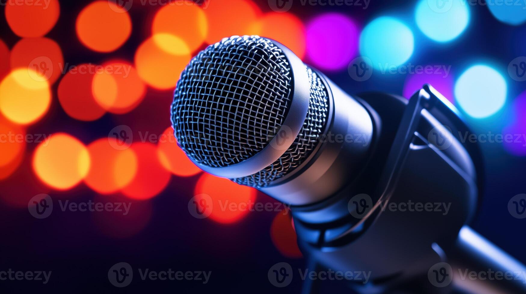 Close-up of studio microphone with colorful bokeh lights in the background Pro Photo
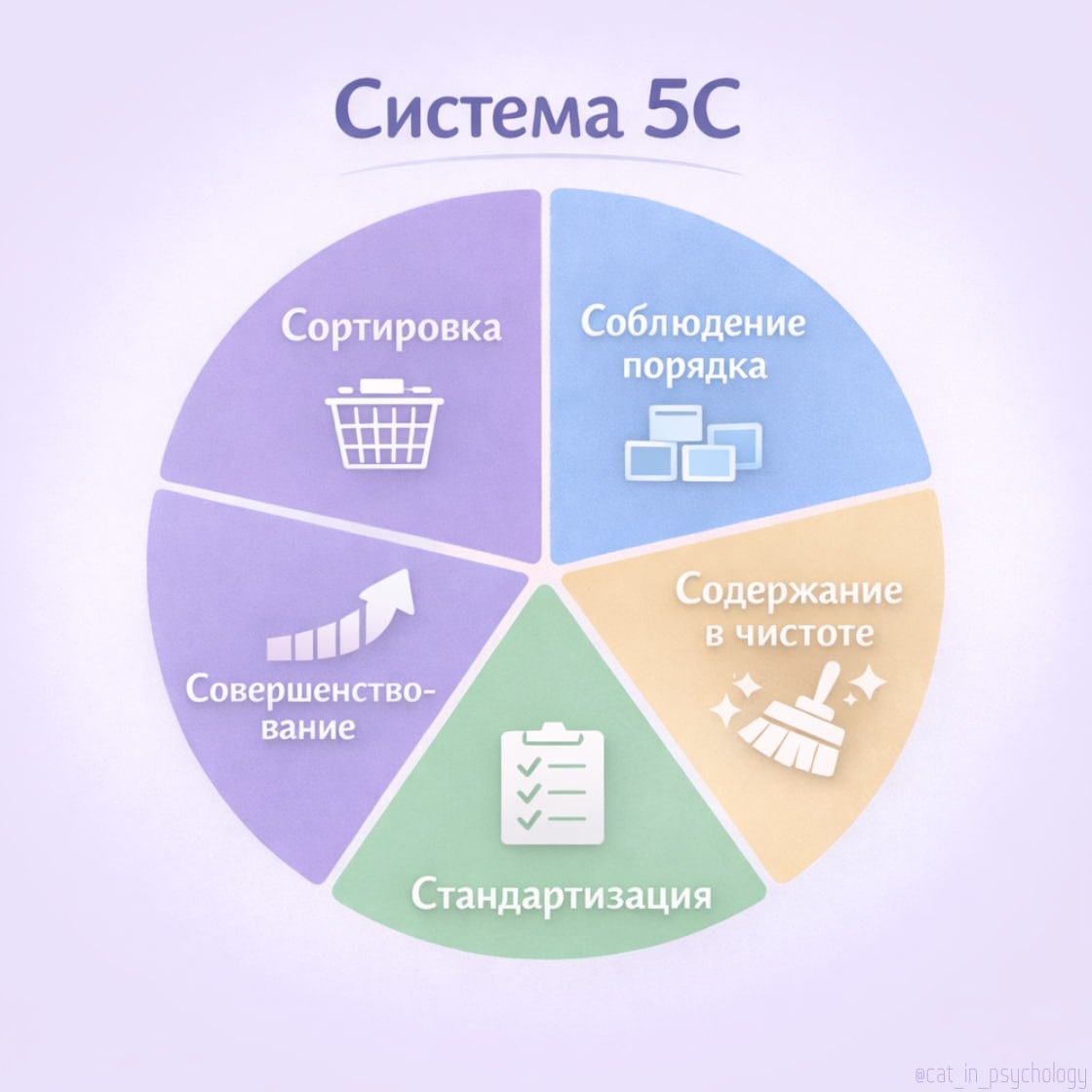 Система 5С – это про порядок, эффективность и ясность. Обычно ее используют на производстве или в офисе, но если посмотреть глубже, она идеально ложится на работу с внутренним миром – поведением, убеждениями и эмоциональными привычками Разберем каждый шаг так, чтобы он стал инструментом не только для рабочего стола, но и для психологической саморегуляции 1. Сэири – Сортировка Как это на рабочем месте Убирают все лишнее. Предметы делят на три группы: – используются часто – размещаются рядом – используются редко – убираются подальше – не используются – удаляются или отправляются в архив Как это работает в психике Внутри мы сортируем не по частоте, а по функции: – полезное и поддерживающее – оставляем и усиливаем (ценности, реальные потребности, конструктивные мысли) – нейтральное – признаем, но не держим в фокусе – вредное – выносим на разбор и трансформацию, даже если появляется часто (например, внутренний критик) Вопрос для себя: "Это помогает мне или мешает?" 2. Сэитон – Соблюдение по
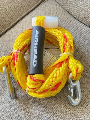 [This review was collected as part of a promotion.] Airhead are heavy duty ropes that lifts and tows boats, water skiing, wakeboarding, kneeboarding, 2-4 rider tubing. This one is range for 12 ft and is a good amount with fast and ez-kwick connect attachments in place.
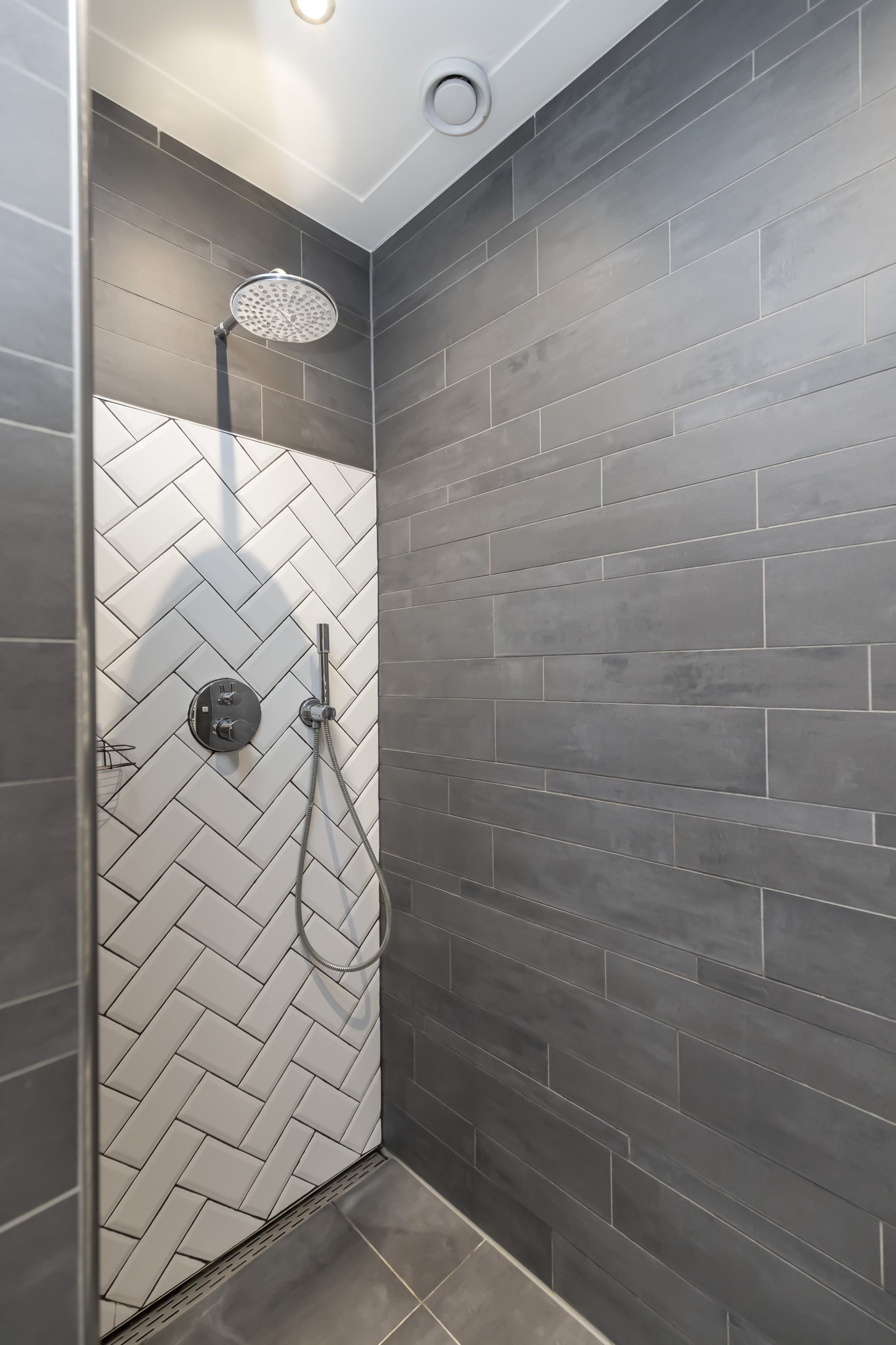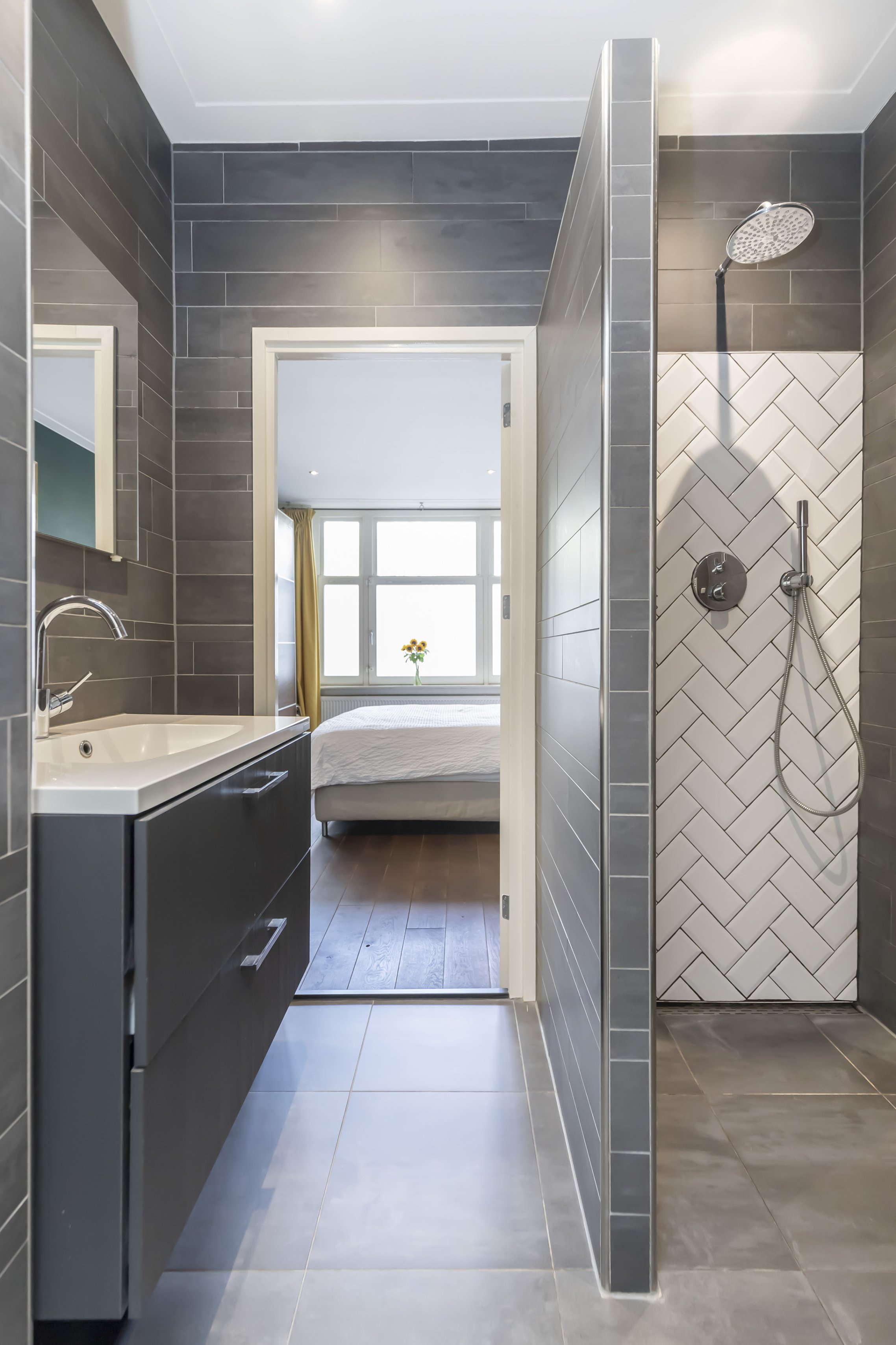 De badkamer ligt centraal tussen beide slaapkamers en is bereikbaar vanuit de beide slaapkamers.
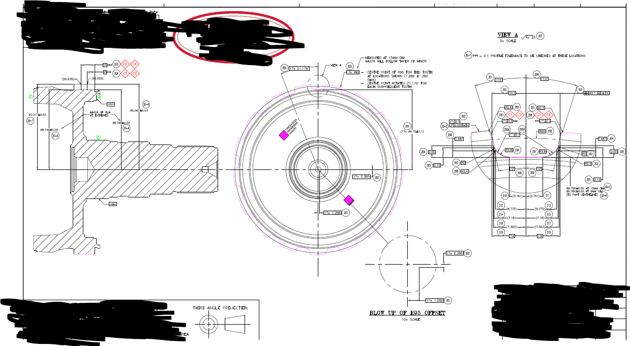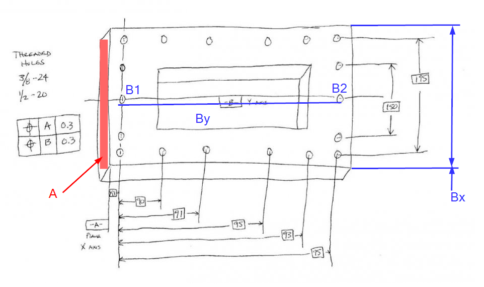 O.K. Lets try: Reference A is the left side of the body in your drawing. Reference B is unclear. On the one hand, it could be formed from the sides of the body (Bx) or from two holes B1 an B2 define (By). The Position tolerance definition match not the norm DIN EN ISO 1101. In the position tolerance 0.3 to A, no further degree of freedom is restricted. And no CZ is specified either. This means that each hole is toleranced individually. It is NOT a drilling pattern. The same applies to tolerance 0.3 for B, although in this case there is the additional issue that ‘B’ is not clearly defined. Regards Karsten
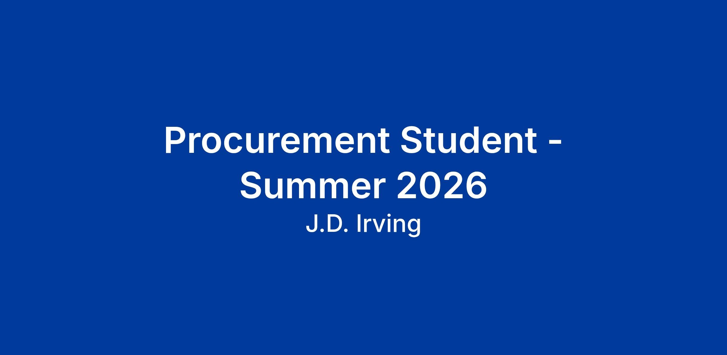 DescriptionThe Procurement Student will work with Corporate Procurement on a dedicated team supporting the J.D. Irving Moncton-based companies and will be responsible for assisting and/or performing the execution of compliance, system audits, assisting in various tasks and special projects.
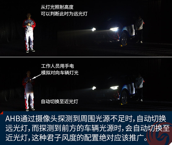 说到极致,丰田在安全技术开发方面的终极目标是交通事故“零伤亡”,也许在未来,自动驾驶技术是实现这一目标的理想手段之一,但在现阶段先进的主动安全技术效果更显著、更直接。于是,进化出了TSS,实践证明其在降低事故死亡率方面效果最明显。 在一整天的活动中,我们相继体会了以上四套系统。比如在一个模拟黑夜环境的房间内感受“自动调节远光灯系统”(AHB),工作人员用手电筒来模拟对向行驶车辆,搭载这一系统的RAV4荣放会自动从远光灯切换至近光灯,保障了别人的安全也是为了自己的安全。 “这个配置在中国应该全面普及!”这是每一个开过夜车的中国司机都感同身受的,不信你在百度里搜“远光狗”就知道大家多么痛恨滥用远光灯的行为了。不得不说,这种很君子风度的主动安全配置,必须要全面普及才行,否则君子会被小人干掉的。
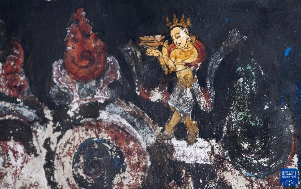 這是5月26日拍攝的皮央石窟壁畫中的人物造型。
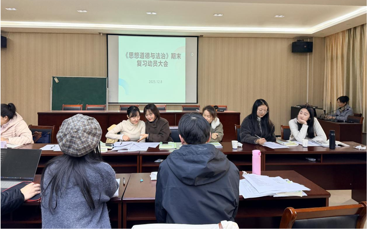 为系统梳理本学期教学脉络,精准部署期末复习工作,12月8日下午,思想道德与法治课程组在学院会议室召开期末复习动员大会。本次会议由马原与德法课教研室主任赵萍主持,全体任课教师参会。
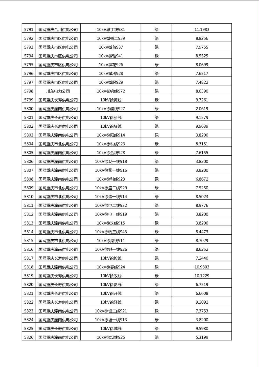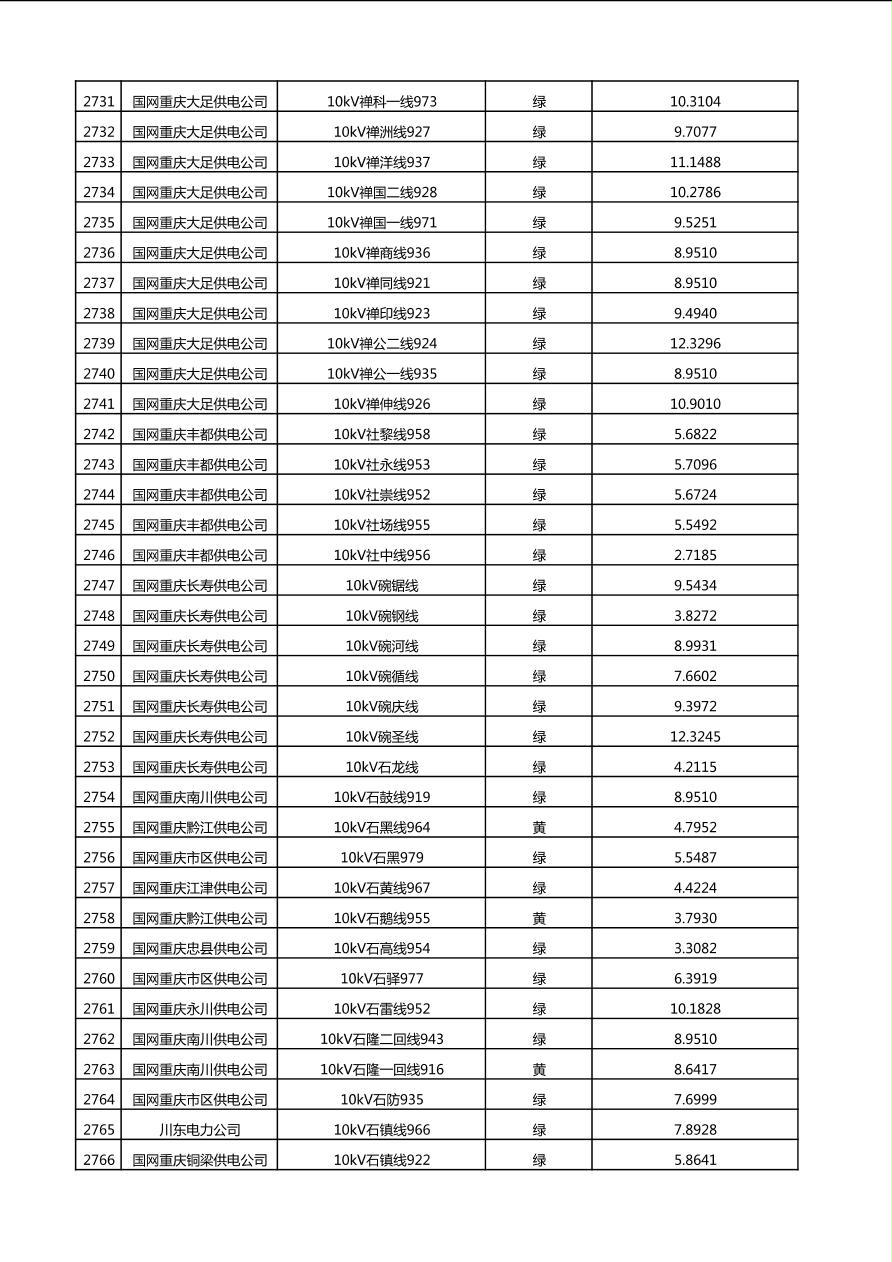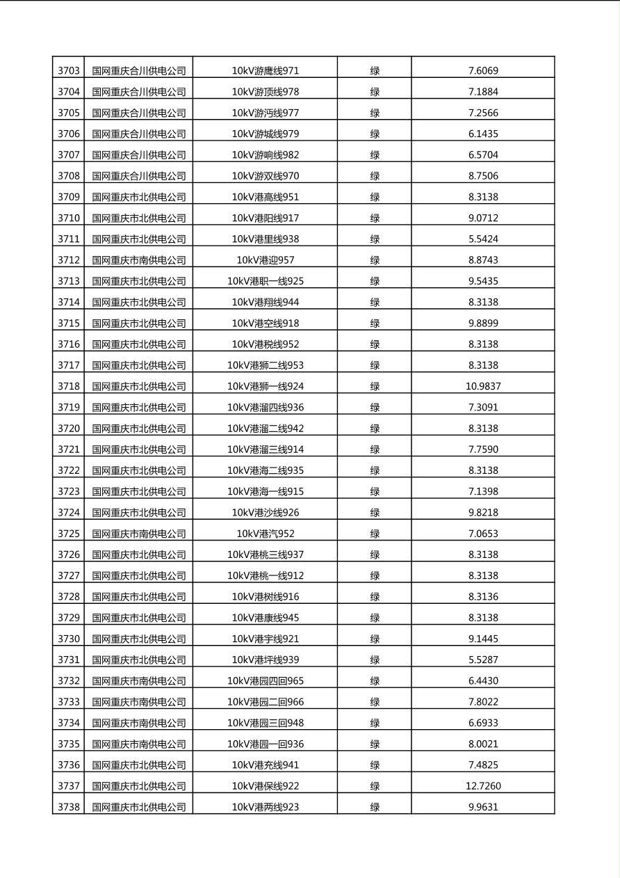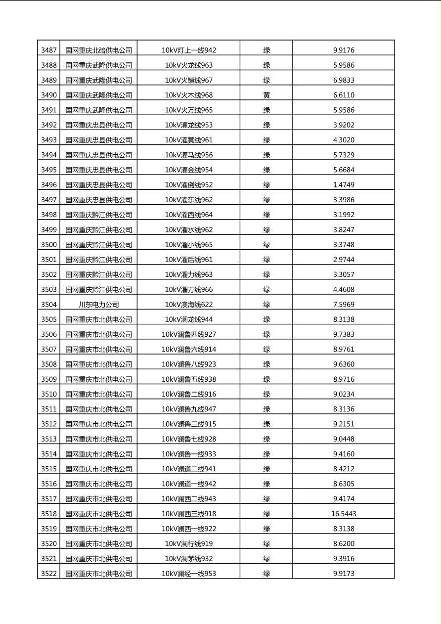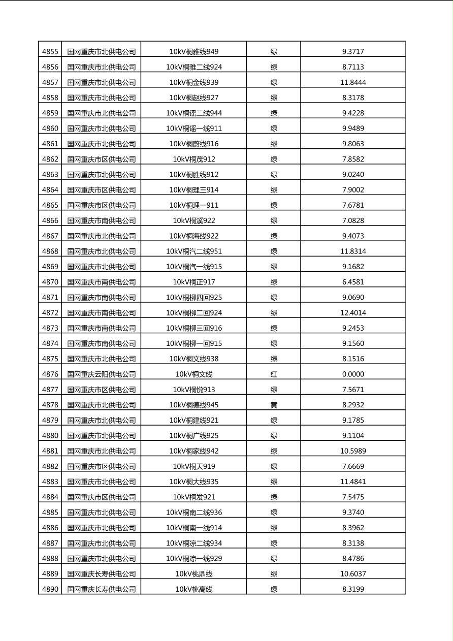 国网重庆市电力公司2025年第4季度分布式光伏可开放容量公示(10千伏配线)

++++++++++

Make an exact copy of the whole listing, but don't bring over any pictures.

Result of the exercise:
 Close-up of studio microphone with colorful bokeh lights in the background Pro Photo
 Система 5С – это про порядок, эффективность и ясность. Обычно ее используют на производстве или в офисе, но если посмотреть глубже, она идеально ложится на работу с внутренним миром – поведением, убеждениями и эмоциональными привычками Разберем каждый шаг так, чтобы он стал инструментом не только для рабочего стола, но и для психологической саморегуляции 1. Сэири – Сортировка Как это на рабочем месте Убирают все лишнее. Предметы делят на три группы: – используются часто – размещаются рядом – используются редко – убираются подальше – не используются – удаляются или отправляются в архив Как это работает в психике Внутри мы сортируем не по частоте, а по функции: – полезное и поддерживающее – оставляем и усиливаем (ценности, реальные потребности, конструктивные мысли) – нейтральное – признаем, но не держим в фокусе – вредное – выносим на разбор и трансформацию, даже если появляется часто (например, внутренний критик) Вопрос для себя: "Это помогает мне или мешает?" 2. Сэитон – Соблюдение по
 [This review was collected as part of a promotion.] Airhead are heavy duty ropes that lifts and tows boats, water skiing, wakeboarding, kneeboarding, 2-4 rider tubing. This one is range for 12 ft and is a good amount with fast and ez-kwick connect attachments in place.
 De badkamer ligt centraal tussen beide slaapkamers en is bereikbaar vanuit de beide slaapkamers.
 O.K. Lets try: Reference A is the left side of the body in your drawing. Reference B is unclear. On the one hand, it could be formed from the sides of the body (Bx) or from two holes B1 an B2 define (By). The Position tolerance definition match not the norm DIN EN ISO 1101. In the position tolerance 0.3 to A, no further degree of freedom is restricted. And no CZ is specified either. This means that each hole is toleranced individually. It is NOT a drilling pattern. The same applies to tolerance 0.3 for B, although in this case there is the additional issue that ‘B’ is not clearly defined. Regards Karsten
 DescriptionThe Procurement Student will work with Corporate Procurement on a dedicated team supporting the J.D. Irving Moncton-based companies and will be responsible for assisting and/or performing the execution of compliance, system audits, assisting in various tasks and special projects.
 说到极致,丰田在安全技术开发方面的终极目标是交通事故“零伤亡”,也许在未来,自动驾驶技术是实现这一目标的理想手段之一,但在现阶段先进的主动安全技术效果更显著、更直接。于是,进化出了TSS,实践证明其在降低事故死亡率方面效果最明显。 在一整天的活动中,我们相继体会了以上四套系统。比如在一个模拟黑夜环境的房间内感受“自动调节远光灯系统”(AHB),工作人员用手电筒来模拟对向行驶车辆,搭载这一系统的RAV4荣放会自动从远光灯切换至近光灯,保障了别人的安全也是为了自己的安全。 “这个配置在中国应该全面普及!”这是每一个开过夜车的中国司机都感同身受的,不信你在百度里搜“远光狗”就知道大家多么痛恨滥用远光灯的行为了。不得不说,这种很君子风度的主动安全配置,必须要全面普及才行,否则君子会被小人干掉的。
 這是5月26日拍攝的皮央石窟壁畫中的人物造型。
 为系统梳理本学期教学脉络,精准部署期末复习工作,12月8日下午,思想道德与法治课程组在学院会议室召开期末复习动员大会。本次会议由马原与德法课教研室主任赵萍主持,全体任课教师参会。
 国网重庆市电力公司2025年第4季度分布式光伏可开放容量公示(10千伏配线)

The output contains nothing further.